과적합으로 알고리즘 성능이 떨어진다. 이를 극복하기 위해 트리의 크기를 사전에 제한하는 튜닝 필요

결정트리 Parameter

min_samples_split : 노드를 분할하기 위한 샘플 데이터 수로 과적합을 제어하는 사용됨
miin_samples_leaf : 말단 노드(lead)가 되기 위한 최소한의 샘플 데이터 수
max_feaures : 최적의 분할을 위해 고려할 최대 피처 개수
max_depth : 트리의 최대 깊이를 규정
max_leaf_nodes : 말단 노드(leaf)의 최대 개수

더이상 자식 노드가 없는 노드는 리프(leaf) 노드이다. 리프 노드는 최종 클래스(레이블)값이 결정되는 노드이다.
- 리프 노드가 되려면 오직 하나의 클래스 값으로 최종 데이터가 구성되거나 리프 노드가 될 수 있는 하이퍼 파라미터 조건을 충족하면 된다.
자식노드가 있는 브랜치(branch)노드는 자식 노드를 만들기 위한 분할 규칙 조건을 가지고 있다.
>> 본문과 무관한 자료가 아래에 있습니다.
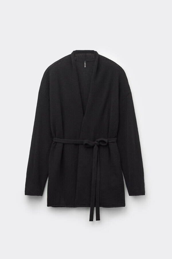 cardigan in puro cashmere lavorato a maglia dalla texture morbida e dalla vestibilità comoda e avvolgente. molto versatile, può essere indossato in vari modi grazie alla cintura. può essere utilizzato anche come caldo e avvolgente accappatoio.
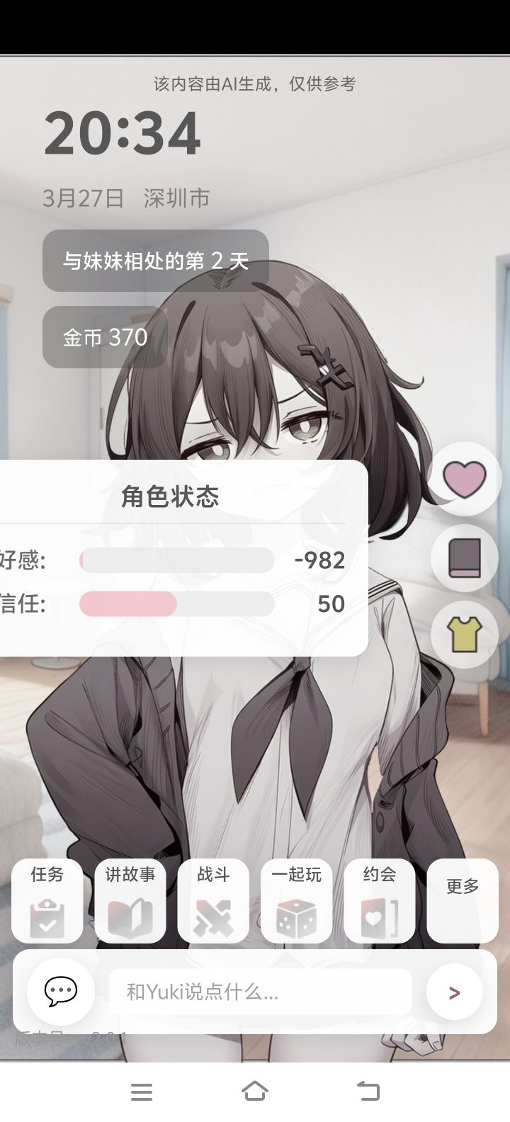 【二测打卡】《妹居》二测期间7日打卡活动,与Yuki的7日约定《妹居》二测期间,抖音7日发作品打卡活动!一起来完成跟Yuki的7日约定吧!有任何关于《妹居》的问题,欢迎到妹居QQ频道留言#妹居 #妹居物语 #AI聊天 #AI陪伴 #游戏测试 #打卡

1. Decision Tree 모델을 이용해 붓꽃데이터 학습 모델 제작

from sklearn.tree import DecisionTreeClassifier
from sklearn.datasets import load_iris
from sklearn.model_selection import train_test_split
import warnings
warnings.filterwarnings('ignore')

# DecisionTree Classifier 생성
dt_clf = DecisionTreeClassifier(random_state=156)

# 붓꽃 데이터 로딩
iris= load_iris()

# 학습,테스트 데이터 셋 분리
X_train, X_test, y_train, y_test = train_test_split(iris.data, iris.target, 
                                                    test_size=0.2, random_state=11)

# 학습
dt_clf.fit(X_train, y_train)

1-2. Graphviz를 이용해 어떤 형태로 규칙 트리가 만들어지는지 확인

from sklearn.tree import export_graphviz

# export_graphviz호출 결과로 out_file로 지정된 tree.dot 파일 생성
export_graphviz(dt_clf, out_file="tree.dot", class_names=iris.target_names, 
               feature_names=iris.feature_names, impurity=True, filled=True)

import graphviz
# 생성한 tree.dot파일을 graphviz가 읽어서 시각화
with open("tree.dot") as f:
    dot_graph = f.read()
graphviz.Source(dot_graph)

트리의 브랜치(branch)노트와 말단 리프(leaf)노드가 어떻게 구성되는지 한눈에 알 수 있게 시각화 되었다.
petal lengh(cm) <= 2.45와 같이 피처의 조건이 있는 것은 자식 노드를 만들기 위한 규칙 조건이다.
(이 조건이 없으면 리프 노드임)
gini는 다음의 value=[]로 주어진 데이터 분포에서의 지니 계수이다.
samples는 현 규칙에 해당하는 데이터 건수이다.
value=[]는 클래스 값 기반의 데이터 건수이다. 붓꽃 데이터 셋은 클래스 값으로 0,1,2를 가지고 있으며,
0:Setosa, 1:Versicolor, 2:Virginica 품종을 가리킴.
- value=[41,40,39]라면 클래스 값의 순서대로 Setosa 41개, Versicolor 40개, Virginica 39개로 구성되어있다는 의미

1번 노드

samples=120은 전체 데이터가 120개
sample 120개는 각각 value 41,40,39 분포도로 되어 있으므로 지니 계수는 0.667
class = sotosa는 하위 노드를 가질 경우 setosa의 개수가 41개로 제일 많다는 의미

1-3. 피처별로 결정 트리 알고리즘에서 중요도 추출

import seaborn as sns
import numpy as np
%matplotlib inline

# feature importance 추출
print("Feautre importance:\n{0}".format(np.round(dt_clf.feature_importances_,3)))

# feature별 importance 매핑
for name, value in zip(iris.feature_names, dt_clf.feature_importances_):
    print('{0}:{1:.3f}'.format(name,value))
    
# feature importance를 column별로 시각화
sns.barplot(x=dt_clf.feature_importances_, y=iris.feature_names)

[out]

Feautre importance:
[0.025 0. 0.555 0.42 ]
sepal length (cm):0.025
sepal width (cm):0.000
petal length (cm):0.555
petal width (cm):0.420

1-4. 결정 트리 과적합(overfitting)

from sklearn.datasets import make_classification
import matplotlib.pyplot as plt
%matplotlib inline

plt.title("3 Class values with 2 Features Sample data creation")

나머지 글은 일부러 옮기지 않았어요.